## Stored dataset items

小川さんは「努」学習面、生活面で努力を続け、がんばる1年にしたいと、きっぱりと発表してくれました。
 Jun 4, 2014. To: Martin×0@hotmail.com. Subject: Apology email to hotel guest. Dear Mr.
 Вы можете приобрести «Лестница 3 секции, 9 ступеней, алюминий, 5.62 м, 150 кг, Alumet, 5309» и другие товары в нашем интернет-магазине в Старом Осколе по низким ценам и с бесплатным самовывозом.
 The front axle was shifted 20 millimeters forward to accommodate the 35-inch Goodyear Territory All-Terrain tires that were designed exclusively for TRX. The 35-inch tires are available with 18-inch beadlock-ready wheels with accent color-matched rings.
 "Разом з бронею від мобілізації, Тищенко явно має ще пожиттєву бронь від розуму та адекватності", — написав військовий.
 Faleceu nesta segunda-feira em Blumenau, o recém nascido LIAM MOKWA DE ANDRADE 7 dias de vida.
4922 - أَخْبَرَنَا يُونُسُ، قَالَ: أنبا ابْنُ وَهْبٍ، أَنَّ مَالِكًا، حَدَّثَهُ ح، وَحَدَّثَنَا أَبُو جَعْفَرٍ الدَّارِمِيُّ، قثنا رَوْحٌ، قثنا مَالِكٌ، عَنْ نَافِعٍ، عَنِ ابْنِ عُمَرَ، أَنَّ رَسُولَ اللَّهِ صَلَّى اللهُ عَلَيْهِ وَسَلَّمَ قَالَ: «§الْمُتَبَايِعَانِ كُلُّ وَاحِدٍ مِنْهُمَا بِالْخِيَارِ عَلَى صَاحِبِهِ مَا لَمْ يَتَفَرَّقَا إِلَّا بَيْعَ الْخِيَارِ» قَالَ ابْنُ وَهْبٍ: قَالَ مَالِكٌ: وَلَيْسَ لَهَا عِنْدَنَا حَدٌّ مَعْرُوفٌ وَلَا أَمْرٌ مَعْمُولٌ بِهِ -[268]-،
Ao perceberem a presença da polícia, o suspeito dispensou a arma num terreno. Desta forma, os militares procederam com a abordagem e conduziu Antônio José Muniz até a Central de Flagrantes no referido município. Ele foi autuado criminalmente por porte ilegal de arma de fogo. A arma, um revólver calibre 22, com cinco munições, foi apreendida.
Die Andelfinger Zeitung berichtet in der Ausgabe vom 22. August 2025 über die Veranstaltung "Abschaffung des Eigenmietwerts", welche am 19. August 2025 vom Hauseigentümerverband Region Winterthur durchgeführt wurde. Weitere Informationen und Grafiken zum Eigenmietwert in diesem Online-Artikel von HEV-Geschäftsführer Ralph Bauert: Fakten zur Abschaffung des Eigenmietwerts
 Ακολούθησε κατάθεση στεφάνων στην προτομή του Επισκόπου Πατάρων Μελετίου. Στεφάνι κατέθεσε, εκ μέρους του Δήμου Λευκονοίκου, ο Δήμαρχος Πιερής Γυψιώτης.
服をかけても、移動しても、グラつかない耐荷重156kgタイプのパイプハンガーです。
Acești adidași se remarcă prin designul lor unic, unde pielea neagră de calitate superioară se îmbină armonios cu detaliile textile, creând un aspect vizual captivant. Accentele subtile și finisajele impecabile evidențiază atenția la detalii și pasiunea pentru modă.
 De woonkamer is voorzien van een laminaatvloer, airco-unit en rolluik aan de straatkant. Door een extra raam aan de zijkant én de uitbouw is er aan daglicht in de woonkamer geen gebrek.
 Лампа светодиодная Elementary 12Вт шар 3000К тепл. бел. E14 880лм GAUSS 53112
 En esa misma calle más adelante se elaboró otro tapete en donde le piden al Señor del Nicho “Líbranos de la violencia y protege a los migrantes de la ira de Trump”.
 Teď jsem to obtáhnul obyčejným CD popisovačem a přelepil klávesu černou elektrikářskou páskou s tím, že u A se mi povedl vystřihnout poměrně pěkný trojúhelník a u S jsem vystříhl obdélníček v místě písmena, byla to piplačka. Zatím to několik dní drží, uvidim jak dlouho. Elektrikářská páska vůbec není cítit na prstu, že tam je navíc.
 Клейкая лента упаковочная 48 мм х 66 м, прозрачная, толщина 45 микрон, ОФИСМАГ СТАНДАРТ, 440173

## PROBLEM TO SOLVE
Give back, verbatim, the lines from the top of the entries above through the line containing "з бронею від".

## EXERCISE RESPONSE
小川さんは「努」学習面、生活面で努力を続け、がんばる1年にしたいと、きっぱりと発表してくれました。
 Jun 4, 2014. To: Martin×0@hotmail.com. Subject: Apology email to hotel guest. Dear Mr.
 Вы можете приобрести «Лестница 3 секции, 9 ступеней, алюминий, 5.62 м, 150 кг, Alumet, 5309» и другие товары в нашем интернет-магазине в Старом Осколе по низким ценам и с бесплатным самовывозом.
 The front axle was shifted 20 millimeters forward to accommodate the 35-inch Goodyear Territory All-Terrain tires that were designed exclusively for TRX. The 35-inch tires are available with 18-inch beadlock-ready wheels with accent color-matched rings.
 "Разом з бронею від мобілізації, Тищенко явно має ще пожиттєву бронь від розуму та адекватності", — написав військовий.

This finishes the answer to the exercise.